Do not pass Go...

Above: the only coloured square on the board that’s not a street.

Have you ever wondered why The Angel Islington appears on the Monopoly board – the only property square on the board that isn’t the name of a street?

The game started life in America as The Landlord’s Game, patented in 1904 by Lizzie Magie. It morphed into Monopoly and in 1935 the British company John Waddington Ltd, printers of playing cards, bought the licence to produce and market the game outside the USA.

Waddington’s MD Victor Watson and his secretary Marjory Phillips travelled from Leeds to London to scout out suitable locations for their British version of the game. The story goes that at the end of their busy day, before returning to King’s Cross Station, Marjory and Victor had tea and cake at the Angel Cafe on the corner of Islington High Street and Pentonville Road, and commemorated their visit by putting The Angel on to the Monopoly board.

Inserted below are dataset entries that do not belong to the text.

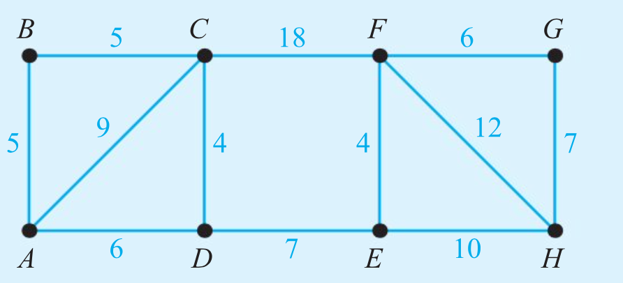 Use Kruskal's algorithm to find the minimum spanning tree (MST) for the network, listing the edges in the order they are selected.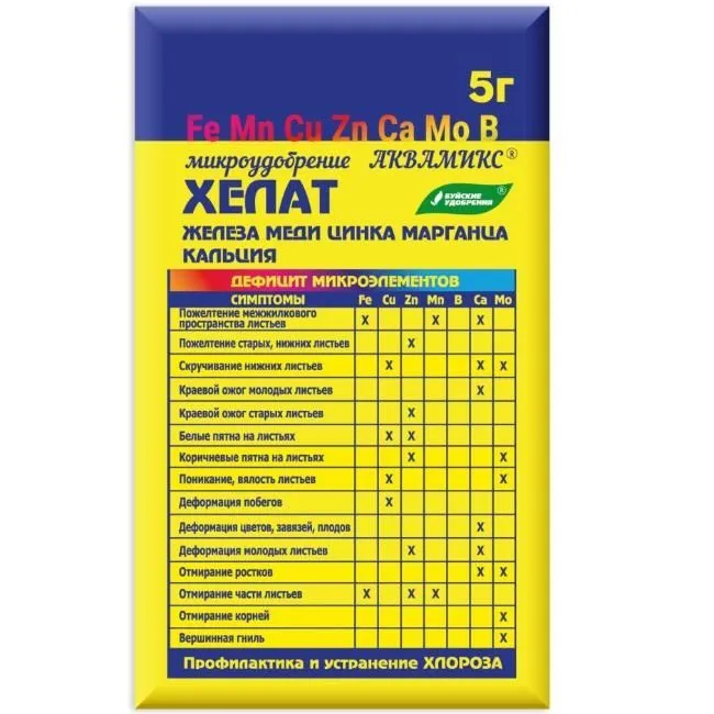 Сбалансированный комплекс высокоэффективных, легкодоступных для растений микроэлементов – Fe, Mn, Zn, Cu, Ca в виде сложных органических солей – хелатов, а также B, Mo. За счет этих элементов увеличивается урожайность, они способствуют полному и сбалансированному усвоению питательных веществ из почвы, повышают устойчивость к болезням, засухе, холоду, ускоряют и улучшают цветение, увеличивают количество завязей, снижают уровень нитратов в овощах и фруктах.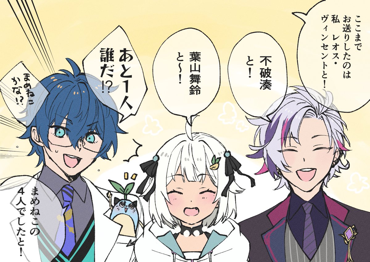 良いチームすぎて健康になりました #Nari_Art #さ絵ぐさ #まめねことレオス #推す画ール #魔王と三従者WIN

Above: the Angel Cafe and Restaurant in 1922

The Angel had been a pub and a hotel before the building was bought by J Lyons & Co in 1921. It was never classified by Lyons as a Tea Shop or Corner House but operated as the Angel Cafe and Restaurant until 1959, when the building was bought by the local council in anticipation of a road widening scheme which never happened.

Since 1979 it has been a branch of the Co-operative Bank. In 2003 Victor Watson’s grandson unveiled a plaque commemorating the Angel Cafe and its place on the Monopoly board. It’s inside the bank on the ground floor.